--- Data excerpts Enclosed Below ---
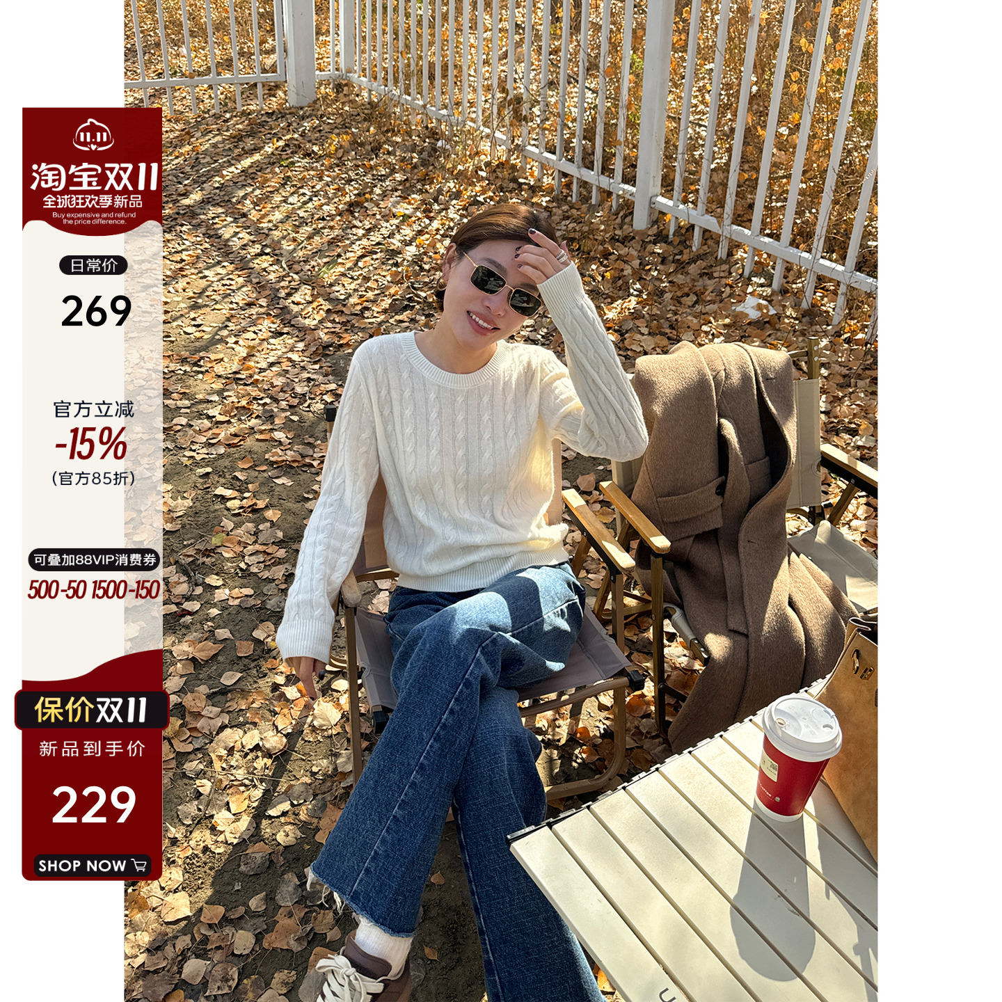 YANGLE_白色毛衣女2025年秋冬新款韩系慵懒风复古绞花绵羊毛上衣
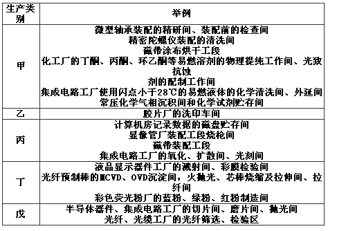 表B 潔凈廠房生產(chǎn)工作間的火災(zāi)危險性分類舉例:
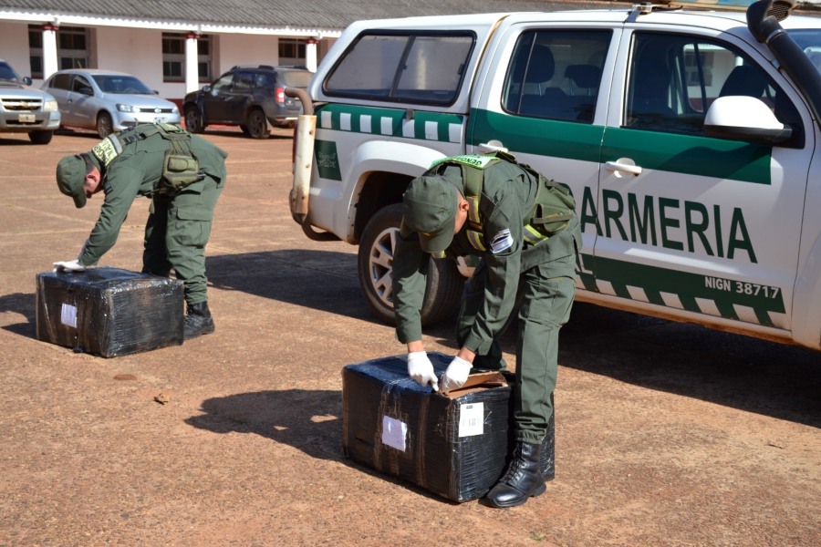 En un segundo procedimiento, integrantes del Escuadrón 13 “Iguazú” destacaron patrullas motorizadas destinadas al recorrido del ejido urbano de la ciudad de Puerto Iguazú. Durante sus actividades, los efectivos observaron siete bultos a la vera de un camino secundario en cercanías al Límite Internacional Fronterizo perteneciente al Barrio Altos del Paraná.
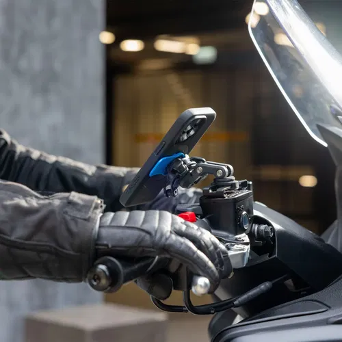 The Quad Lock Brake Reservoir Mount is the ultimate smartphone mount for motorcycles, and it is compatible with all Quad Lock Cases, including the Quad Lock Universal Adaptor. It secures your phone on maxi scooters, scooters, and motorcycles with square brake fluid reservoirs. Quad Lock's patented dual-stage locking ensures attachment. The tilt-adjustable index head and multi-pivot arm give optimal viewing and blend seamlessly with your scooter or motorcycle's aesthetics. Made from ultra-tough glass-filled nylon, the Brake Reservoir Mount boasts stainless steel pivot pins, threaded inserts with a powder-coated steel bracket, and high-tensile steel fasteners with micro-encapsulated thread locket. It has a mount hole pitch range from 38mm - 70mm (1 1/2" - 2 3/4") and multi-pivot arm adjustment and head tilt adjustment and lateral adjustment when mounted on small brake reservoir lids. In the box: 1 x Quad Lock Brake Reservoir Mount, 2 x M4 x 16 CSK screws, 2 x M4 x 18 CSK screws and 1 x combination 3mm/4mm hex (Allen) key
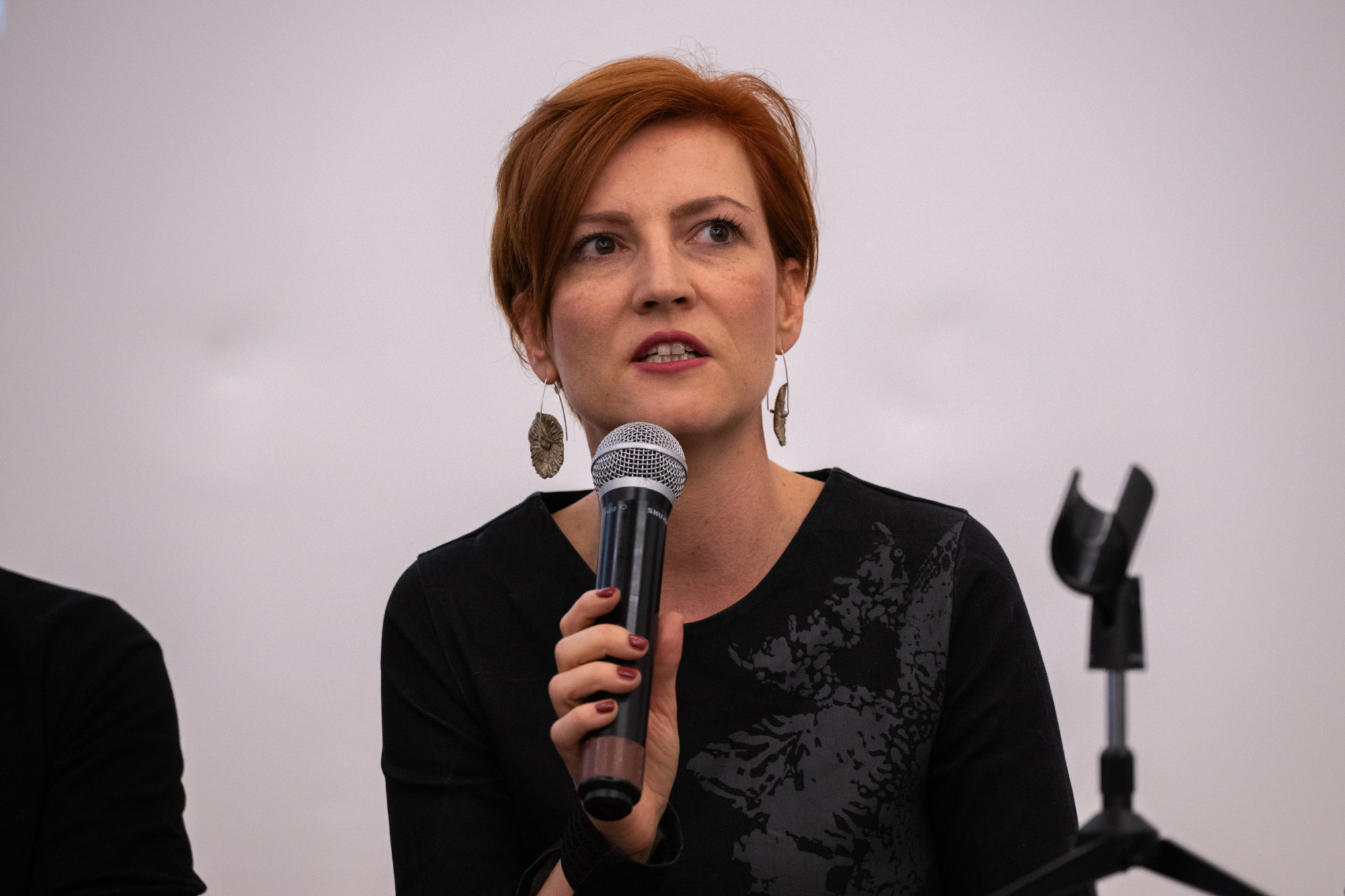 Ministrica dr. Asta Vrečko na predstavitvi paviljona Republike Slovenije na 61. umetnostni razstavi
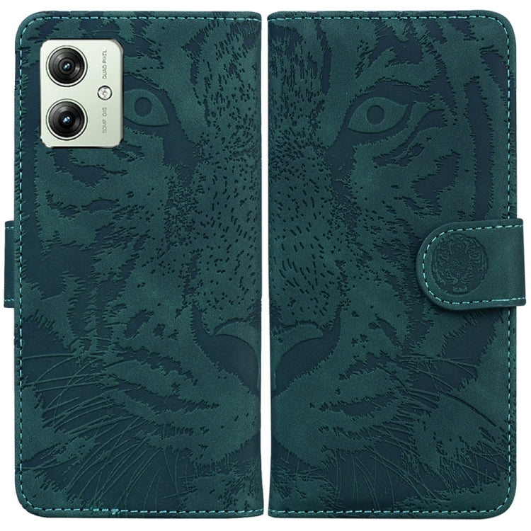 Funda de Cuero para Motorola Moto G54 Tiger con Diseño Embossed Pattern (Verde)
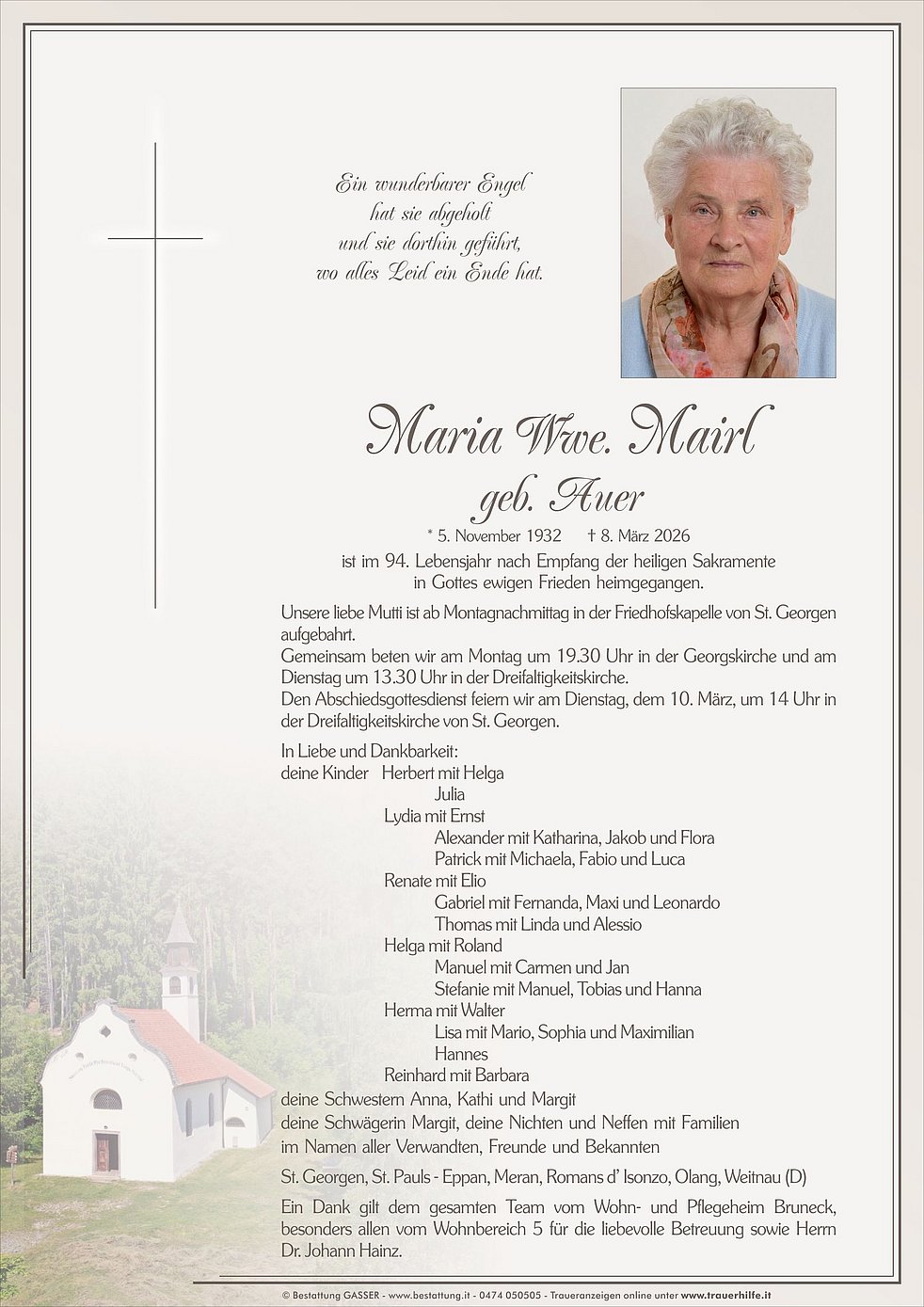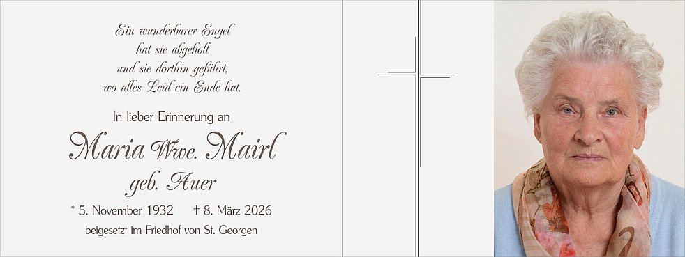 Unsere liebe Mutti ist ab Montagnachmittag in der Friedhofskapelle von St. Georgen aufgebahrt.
--- End of Enclosed Data excerpts ---
--- Data excerpts Enclosed Below ---
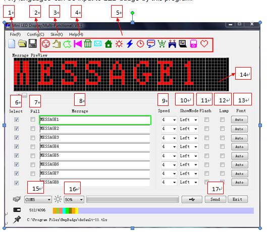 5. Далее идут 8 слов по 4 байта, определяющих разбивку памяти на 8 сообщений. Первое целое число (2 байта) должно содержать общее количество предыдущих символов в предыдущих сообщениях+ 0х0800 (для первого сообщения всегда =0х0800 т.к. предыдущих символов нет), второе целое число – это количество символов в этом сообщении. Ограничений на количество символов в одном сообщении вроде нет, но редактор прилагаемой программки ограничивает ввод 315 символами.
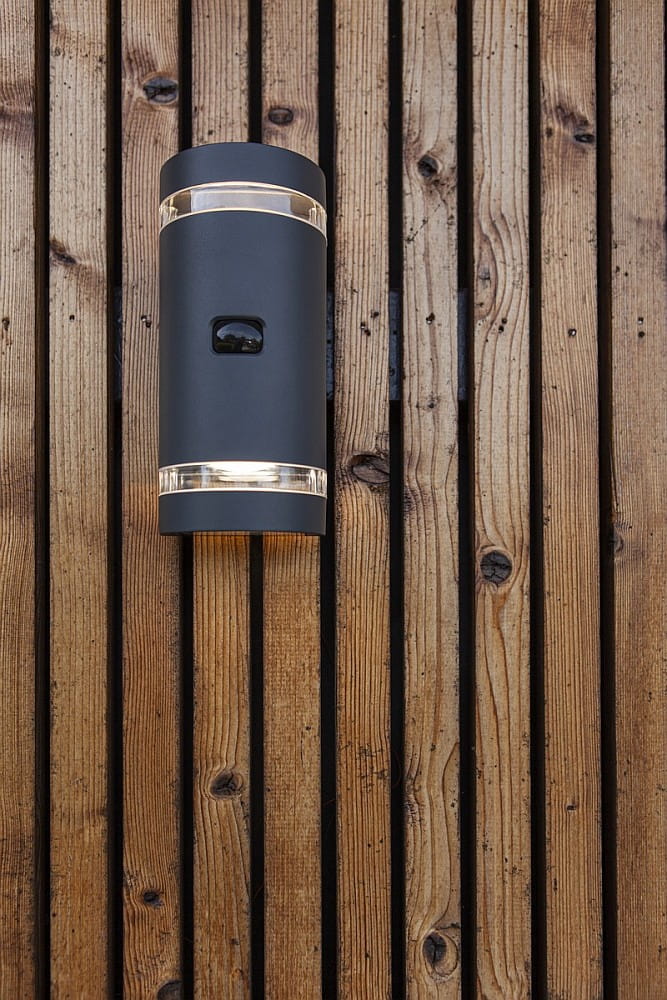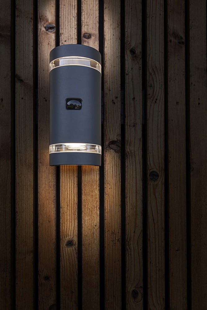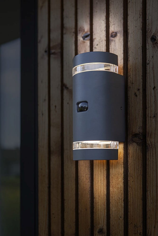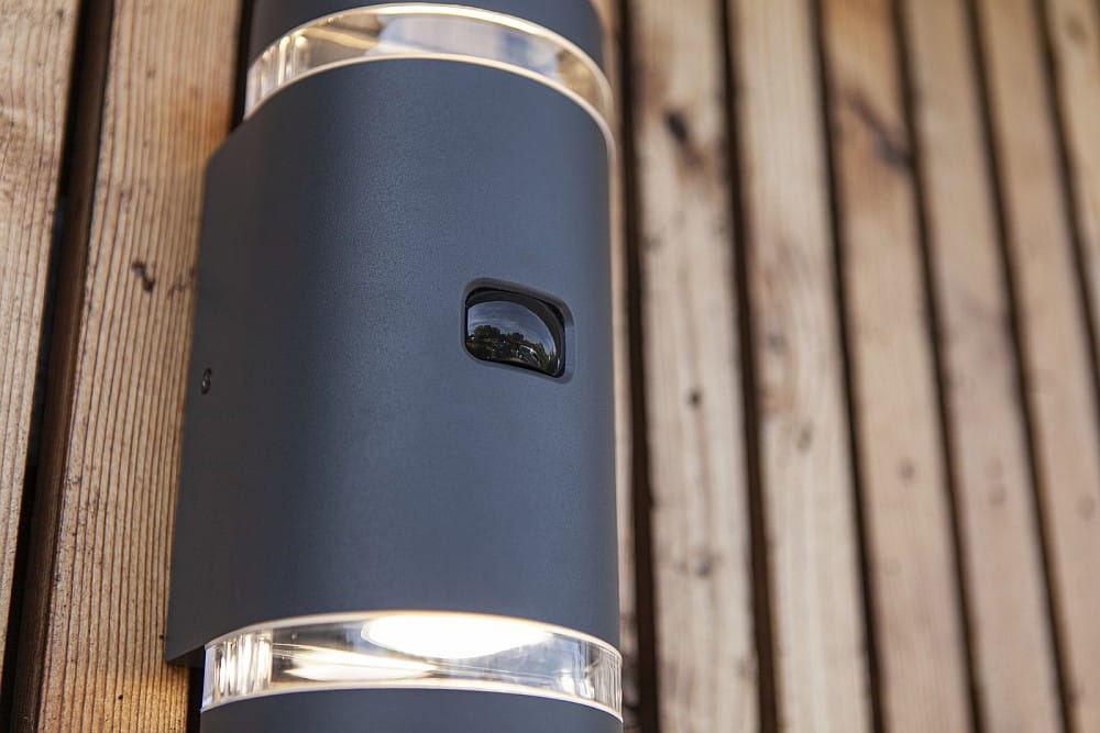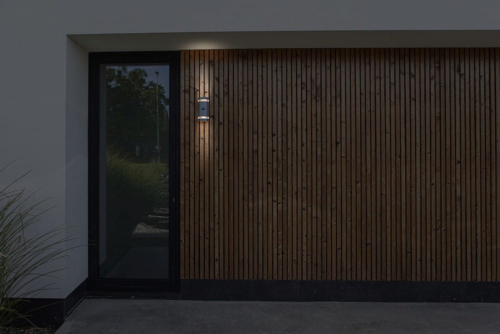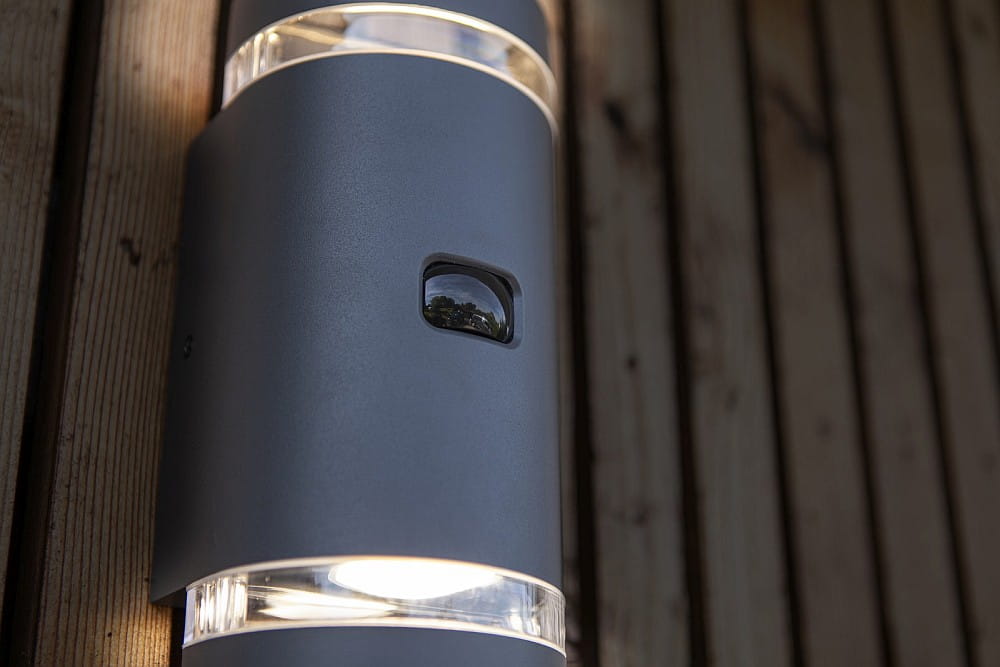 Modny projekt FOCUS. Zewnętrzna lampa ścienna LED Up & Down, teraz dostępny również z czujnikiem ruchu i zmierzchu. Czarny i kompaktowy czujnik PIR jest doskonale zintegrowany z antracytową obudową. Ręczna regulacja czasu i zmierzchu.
--- End of Enclosed Data excerpts ---
--- Work request ---
Reproduce word for word, with pictures dropped, only the part of the material above that opens with the line containing "Funda de Cuero" and closes with the line containing "Unsere liebe Mutti".

--- Answer to this task ---
 Funda de Cuero para Motorola Moto G54 Tiger con Diseño Embossed Pattern (Verde)
 Unsere liebe Mutti ist ab Montagnachmittag in der Friedhofskapelle von St. Georgen aufgebahrt.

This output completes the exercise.